Her courage was established out of the same stuff that makes those fish thrash their way up from the ocean to the certain stream that is their spot for taking care of life and death.

It was ten o’clock in the evening, so the Scotch was all right. Who would deny a man a Scotch at that time of night?

From the Yellow Pages, Carl was gathering ideas. He needed another job, what with the second kid coming. His wife was pretty close to bringing the new one into the picture; Jean was swollen seven months, and, like the other child they had built together, this one would suck its first breath in the air of their house.

They thought this way of doing the birth was best. Jean was a nurse, and had discovered a lot of obstetricians stuck to their personal notions about how everybody should act when it came down to labor and birth. So Jean and Carl did it at home, made babies and had them there, too. This was an act of bravery; it was really her bravery, of course. Her courage was established out of the same stuff that makes those fish thrash their way up from the ocean to the certain stream that is their spot for taking care of life and death. Nothing stops them, I’ve seen it, and while these fish are fighting their way uphill a sheen simmers above the water, highlighting their act of faith. It’s the same halo men see as the glow on their pregnant wives.

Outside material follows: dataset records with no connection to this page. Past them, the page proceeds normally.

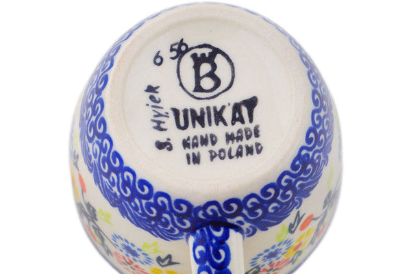This Pastel Spring Wreath 8 oz Mug was handmade and hand decorated in Boleslawiec, Poland by skilled artisans according to old traditional methods. This Polish stoneware is microwave, dishwasher, freezer, and oven safe up to 480°F. It does not contain lead or cadmium. It is part of the Pastel Spring Wreath Collection.
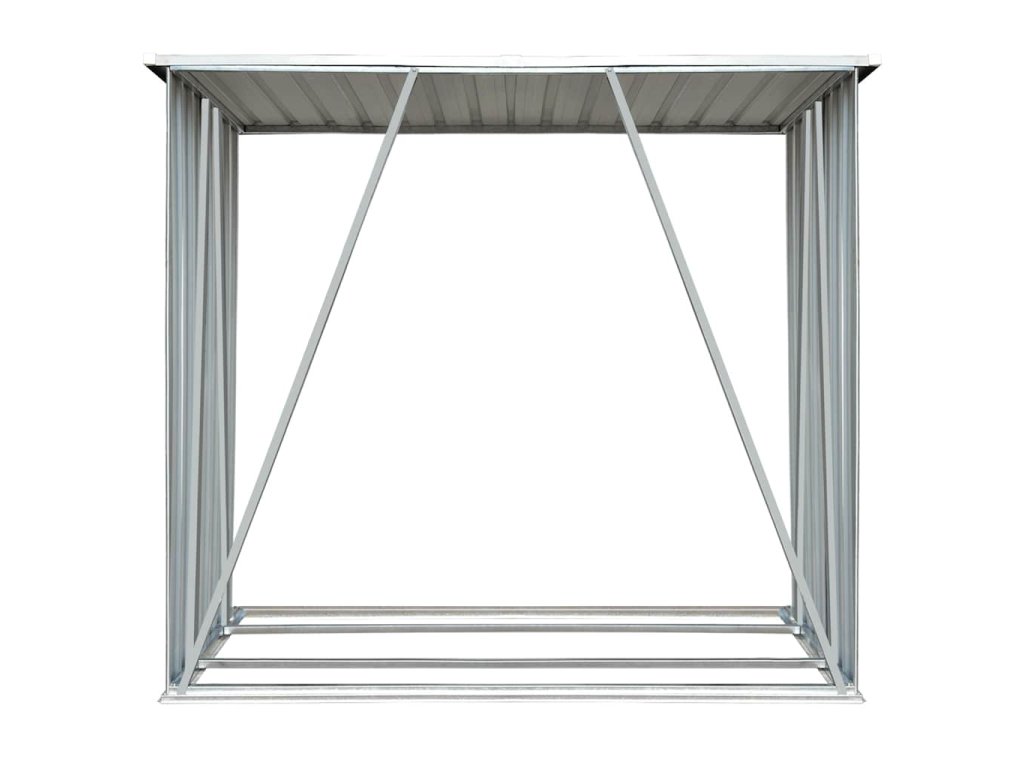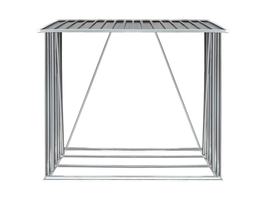 Má stabilnú konštrukciu s oceľovými nosnými tyčami a extra rúrkami na oboch stranách. Keďže je vyrobený z pozinkovanej ocele, sklad na drevo vyžaduje minimálnu údržbu a je veľmi odolný. Tento sklad na drevo obsahuje oceľový podlahový rám pre väčšiu stabilitu a zvýšené podlahové lamely, ktoré udržiavajú drevo vetrané a suché. Dažďová voda bude vďaka šikmej konštrukcii automaticky odtekať zo strechy. Náš sklad na drevo sa ľahko montuje.
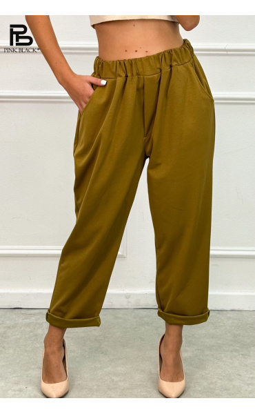 Stylové kalhoty volnějšího střihu, kalhoty jsou v pase do gumy.
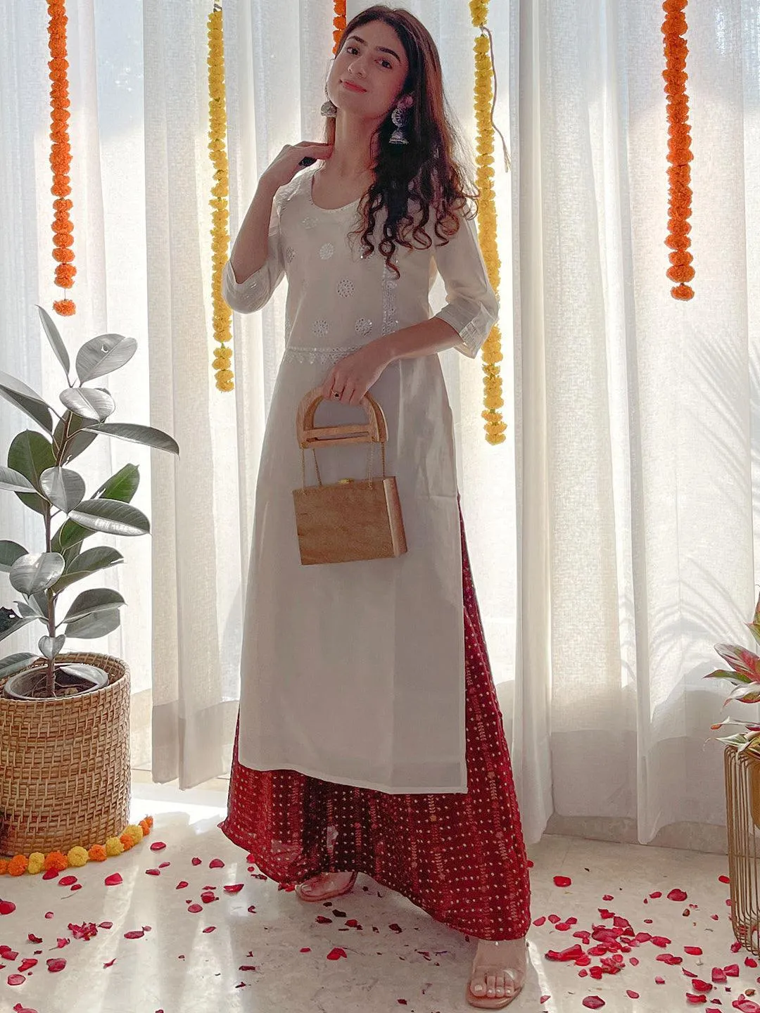 White Kurti & Red Pyjama set for Women

The extra bravery seeps out of them.

I was talking about the Yellow Pages, and the ideas in there. Carl thought about what he knew how to do, which was plenty, and he compared that with the advertisements for all the services offered in the book.

One thing was, he knew how to drive. He’d been getting paid pretty well for wrestling blue buses through memorized routes. It was a job for the moment, until something better reared its head, and he thought since he had the special license, he might as well put it to use. He took a drink from the glass, and pinched a half-inch or so of the pages together to fast-forward to the L’s. He had been in the E’s, and nothing there had anything to do with driving anyway.

Under the book hid a piece of a bread crust, about the size of a fruit fly, say. The weight of the extra pages moving over to the crumb’s side of the book’s spine was just enough to dust it into powder. The sound it made was too weak to be heard by anyone. The bread that spawned the crumb had enjoyed its gestation within the clean white belly of one of those automatic bread-making machines. Sure, there is something less of the human touch there. The kneading is done with the sweat of whatever makes electricity, and not with the sweat of Jean, or even Carl. But still, fresh bread. The house billowed with the smell of it most mornings.